Repository files navigation

Retrieval Augmented Generation Techniques in Llamaindex

This repository collects multiple notebooks and .py files with techniques and solutions to RAG problems. Some simple solutions to more advanced ones to approach the retrieval, augmentation and generation of answers or information about data/documents provided.

This repository is still in progress.

Table of Content

Dense X Retrieval

Paper: "Dense X Retrieval: What Retrieval Granularity Should We Use?" by Tong Chen, Hongwei Wang, Sihao Chen, Wenhao Yu, Kaixin Ma, Xinran Zhao, Hongming Zhang, and Dong Yu from the University of Washington, Tencent AI Lab, University of Pennsylvania, and Carnegie Mellon University.

Dense retrieval has emerged as a crucial method for obtaining relevant context or knowledge in open-domain NLP tasks. However, the choice of the retrieval unit, i.e., the pieces of text in which the corpus is indexed, such as a document, passage, or sentence, is often overlooked when a learned dense retriever is applied to a retrieval corpus at inference time. The researchers found that the choice of retrieval unit significantly influences the performance of both retrieval and downstream tasks.

Image from the original paper "Dense X Retrieval"

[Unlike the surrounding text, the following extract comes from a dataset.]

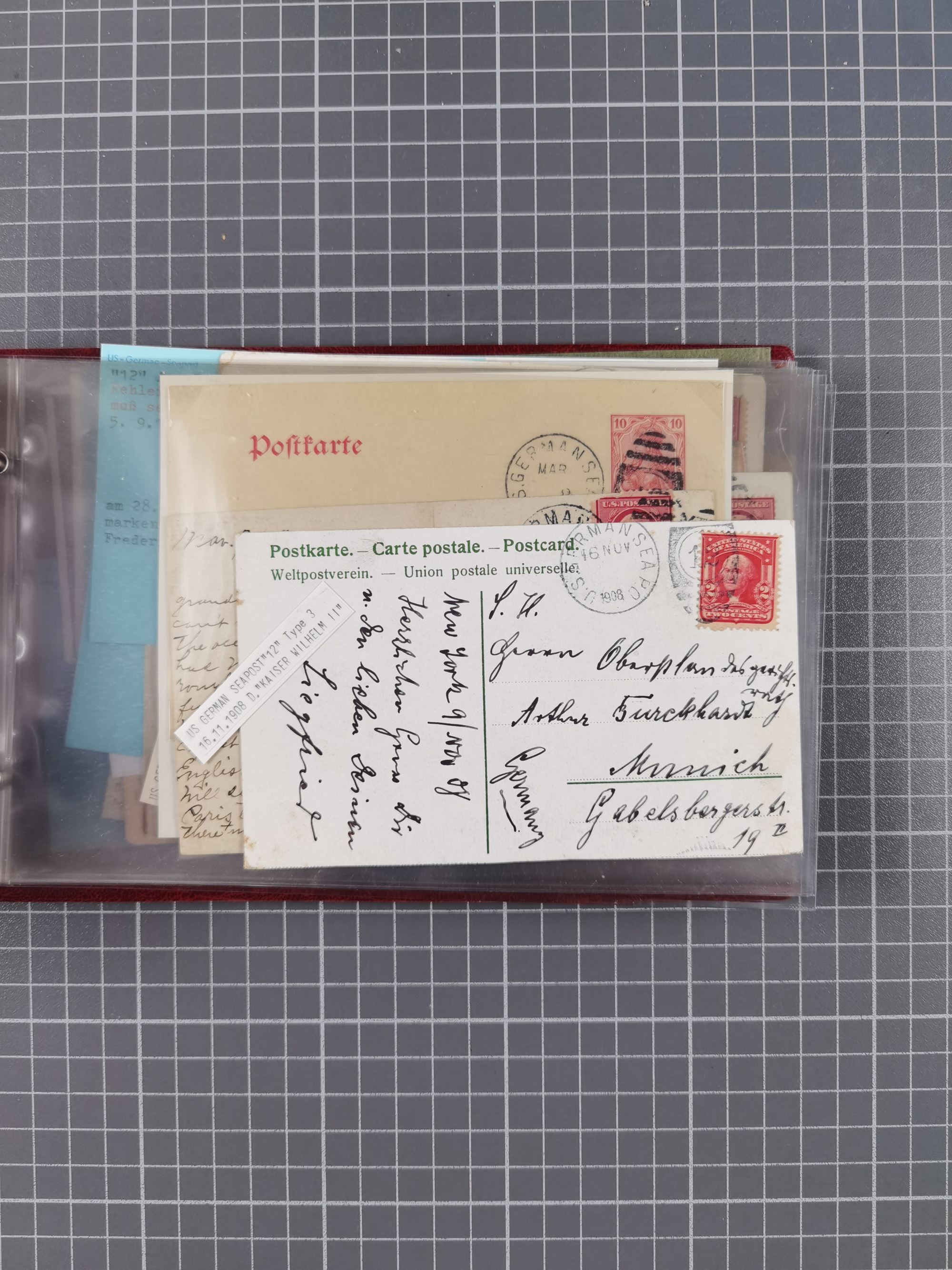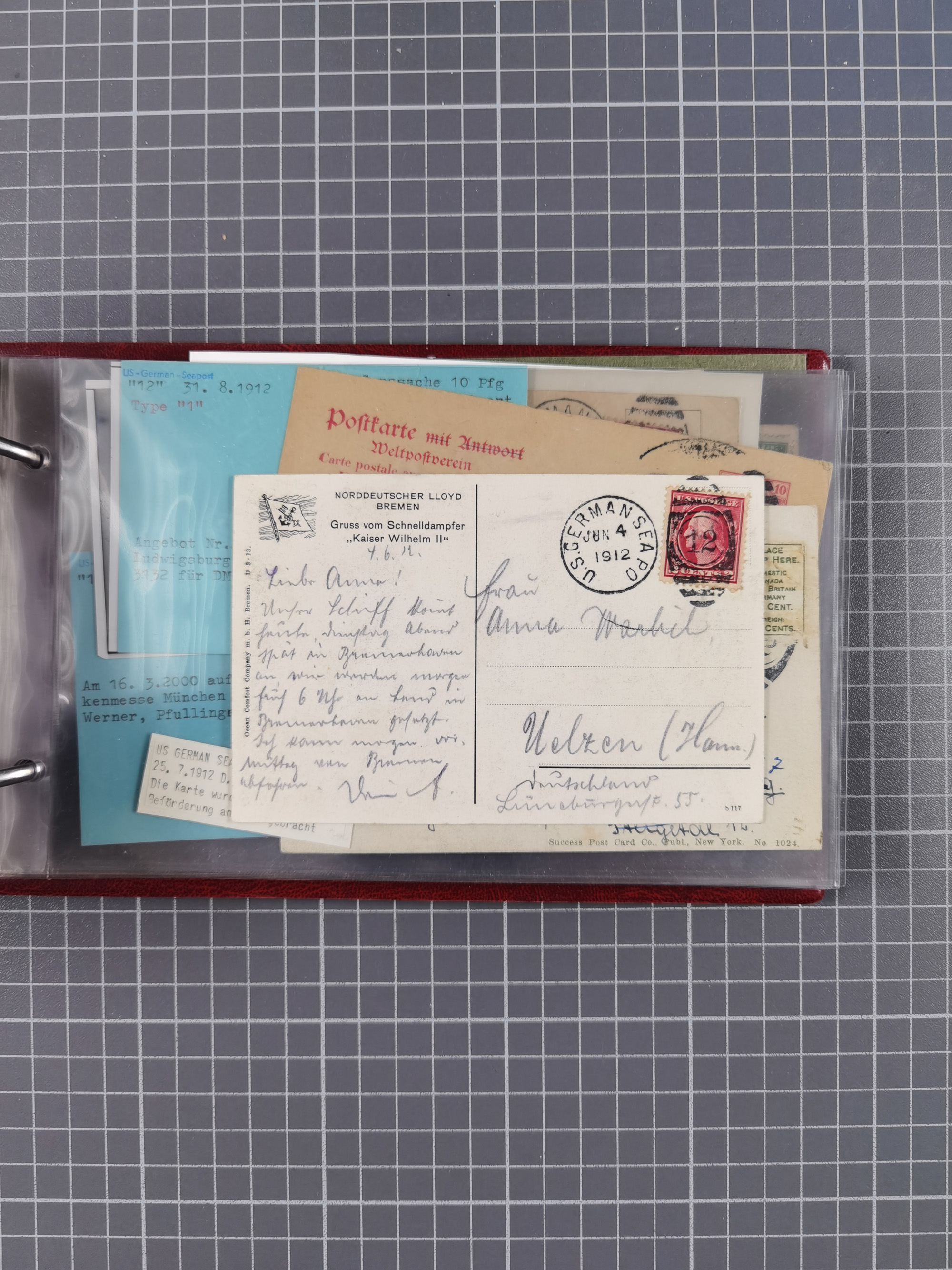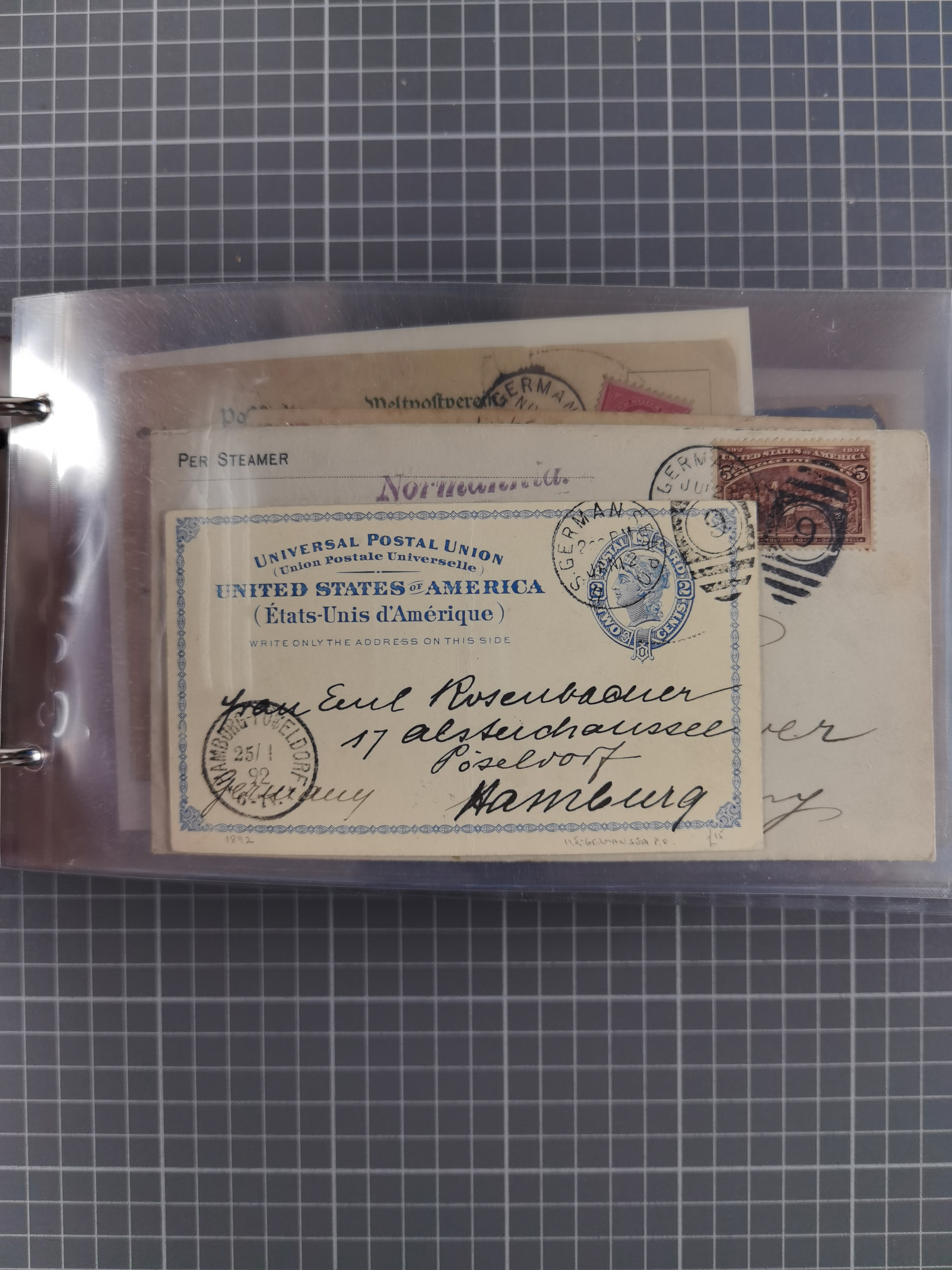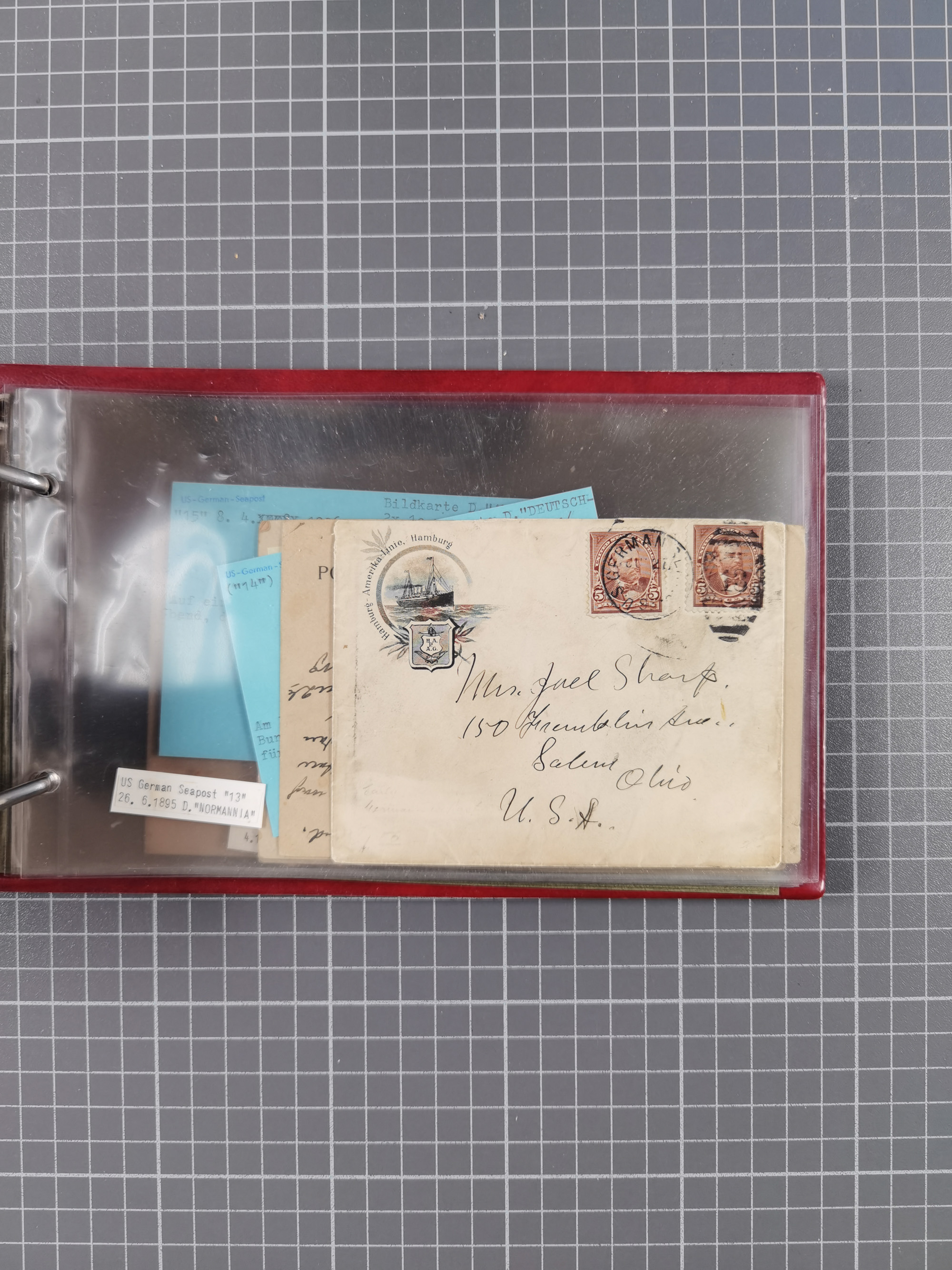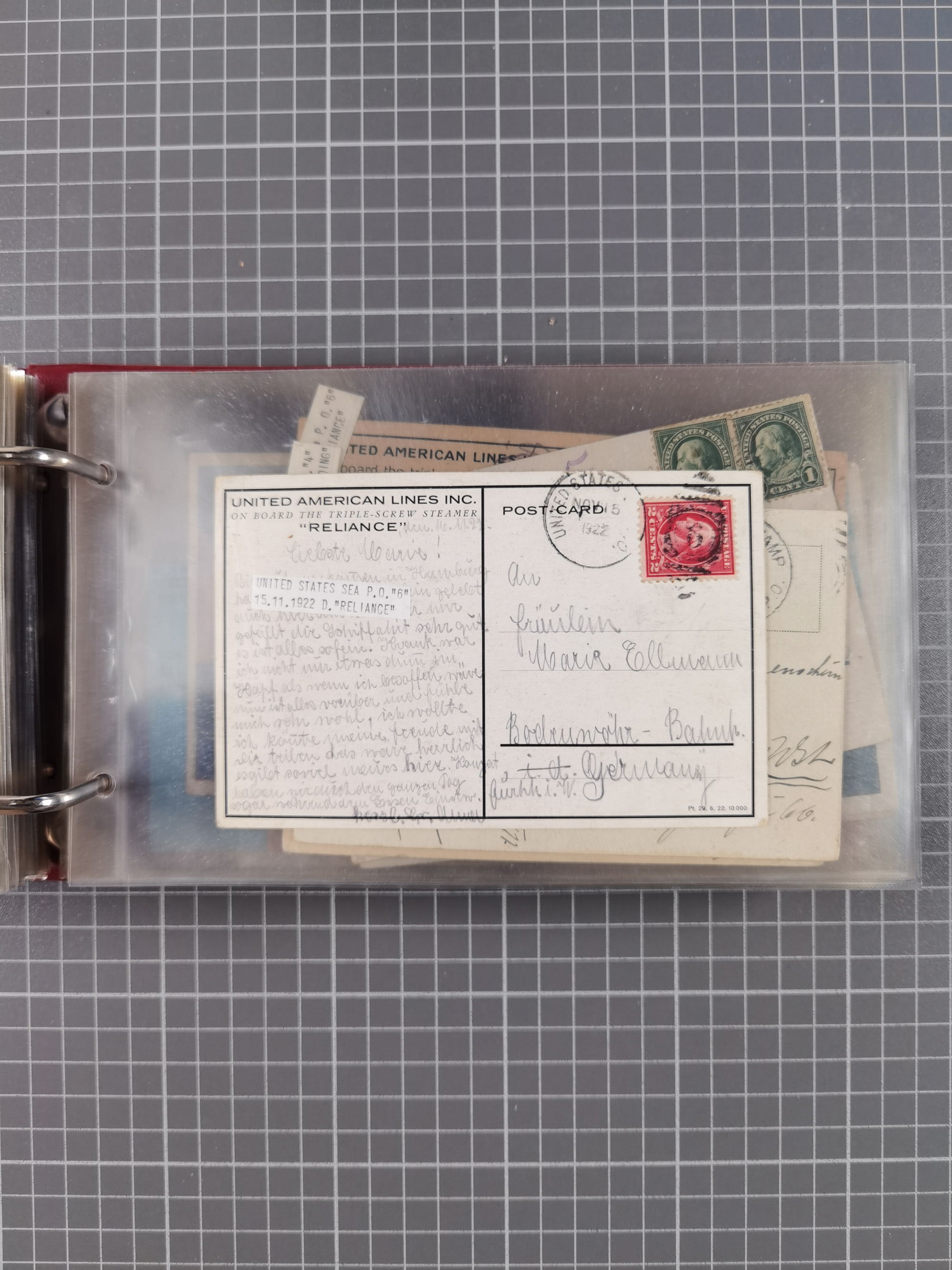 1892/1939, umfangreiche Sammlung “U.S. GERMAN SEA POST” mit ca. 400 Briefen, Karten und Ganzsachen, Schwerpunkt vor 1920 mit den Dublex-Stempeln mit Nr. 1-16, dabei verschiedene Verwendungen mit besseren (u.a. auf Briefen/Karten vom D. Reich), 1 R-GSU und weiteren Besonderheiten. Dazu noch einige Schiffs-Ansichtskarten, bei vielen Belegen mit Vermerken zu den Schiffen usw. und meist in guter Erhaltung. Eine in diesem Umfang seltene Sammlung in sechs Alben, ex Steinmeyer

It suggests that the choice of retrieval unit can significantly impact retrieval performance, highlighting the potential of propositions as a novel retrieval unit. This research contributes to the ongoing efforts to improve the performance of dense retrieval in open-domain NLP tasks and offers valuable insights for researchers and professionals in the field.

In summary, the authors introduce the Propositionizer as a text generation model fine-tuned through a two-step distillation process, involving the use of GPT-4 and Flan-T5-large. The approach combines the capabilities of pre-trained language models with task-specific fine-tuning, demonstrating a comprehensive strategy for parsing passages into propositions. The use of 1-shot demonstrations and distillation processes adds depth to the training methodology, showcasing a nuanced and effective approach in the realm of natural language processing.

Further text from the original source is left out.